無茶の結果
6日後
うん?ここはどこだ。あ、セレステの宿のベットだ。天井に見覚えがある。そうか生きていたか。痛い。身体中がダメだ、力を入れると痛い。それに重い。うん?ミカさん?
「あ、ミカさん」
「あ、あ、あ、ごめんなさい」
「大丈夫。俺はどういう状況?」
「はい。ええっと、あ、隊長は6日も寝てました」
「6日も?」
「ええ、心配しました。でもよかった」
「そう、ずっと看病してくれたの?」
「え、あ、はい」
「そうか。ありがとう」
「はい」
そうか、ずっとか。
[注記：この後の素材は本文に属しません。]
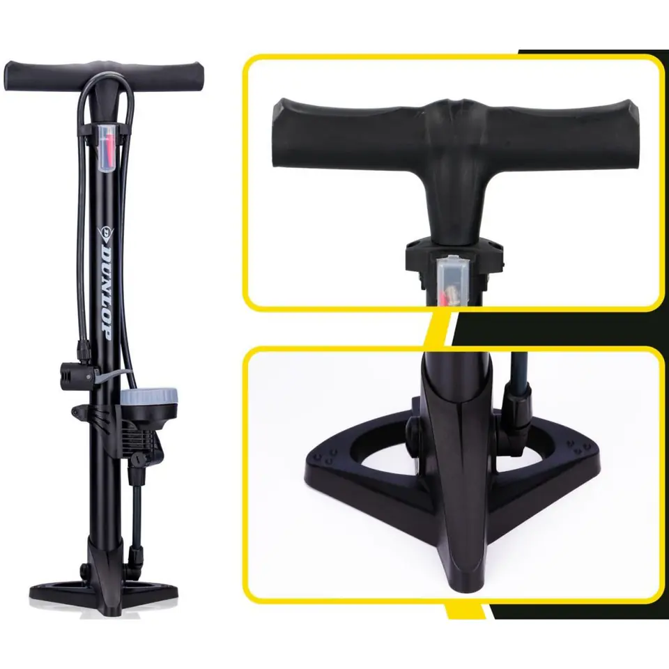 Dlaczego warto wybrać pompkę warsztatową Dunlop:· Precyzja – duży manometr umożliwia dokładny odczyt ciśnienia.· Bezpieczeństwo – system blokady zapobiega utracie powietrza.· Wygoda – szerokie uchwyty i stabilna podstawa dla komfortowego pompowania.· Wszechstronność – idealna do użytku domowego i profesjonalnego.

迷惑をかけてしまった。ミカさんの目に涙が浮かんでいる。
ドアがノックされる。
「あら、目を覚ましたのね。よかったわ」
「マル君、大丈夫?」
「おい、マルク、大丈夫か?」
メル姉が俺を強く抱きしめる。
「ええ、メル姉、痛いです。カリウス義兄上、ご心配をおかけしました。母上も体は大丈夫ですか?」
「ええ、一日中寝てたら大丈夫よ」
「寿命は?」
「それも大丈夫よ。自分のことを心配なさい。私と同じ症状が出ているわ」
「え?」
「力を使いすぎたの。マナ線が壊れたのね」
「あれ?母上の症状はわからないと」
「それはマルクの理論でわかるようになったの。でも・・・直す方法はないの」
「そうですか。自分で直してみせます。これくらいのこと、俺の人生ではいつものことです」
「・・・そうね」
母上が心配そうに俺を見つめる。他のみんなも。まぁ、途中でマナ線が壊れるような感じはあったから、これくらいは予想通りだ。あれはヤバイな。二度と使うのはよそう。
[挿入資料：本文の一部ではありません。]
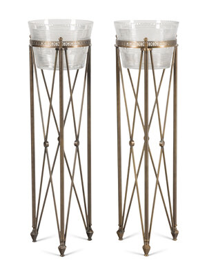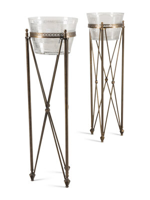 A Pair of Neoclassical Style Cut Glass and Brass Jardinière Stands

しかし、直す方法か?まぁ、マナ線を感じてみるか。あぁこれか。俺はマナ線を隅々までゆっくりと探っていく。あ、ここにマナ線の裂け目が、これが漏れを作っているのか。
俺はマナ線の裂け目を治す。うん?難しいなぁ。ちょっとは治ったけど、これは治すのに時間がかかりそうだ。
「ええと、治せそうです」
母上らが驚きの表情で俺を見ている。
「え?」
「何を言っているの?」
「ですから、治せると思います。俺の場合かもしれませんが、マナ線が裂けているので、マナが溜まらないみたいです。ですからマナ線を縫っていくような感覚でしょうか?」
「そう、マルクの言っていることはよくわからないわ」
「え?そうですか。マナ線が血管みたいになっているというのが魔法理論にあるのは覚えていますか?それを考えれば、マナ線が管状となっていると推測できます。だから縫っていくというのは理論的です」
「ミカちゃん、わかるの?」
えっ?わかるの?という顔をする母上らと、え?違います?という顔をするミカさん。俺もミカさんの感覚に近いが、この世界では血管という概念自体がいまいちなんだ。外科手術がない世界だし、医療も薬と魔法に頼っている世界だからだ。
「すごいわね。マルクの理論はほとんどの人が全てを理解できないのよ。感覚でわかるから、それを実施しているだけよ」
「私がリネア様を見てみましょうか?」
「そうね。もしかしたら治るかしら」
「はい、もしかしたら」
「後で頼むわ」
この後、1週間は辺境伯領にいた。俺が体を動かせる状況ではないので、馬車での長旅は無理というところだ。その間、第00小隊はガイス師匠とガッソさんに稽古をつけてもらっていた。かなり無茶な方法だったらしく、帰りは皆ボロボロだった。
俺は数ヶ月の休みとなった。他の隊員も1週間が休みで、俺がいない間は父上の預かりで、ヤイが隊長代理、リオル先輩が副長代理となった。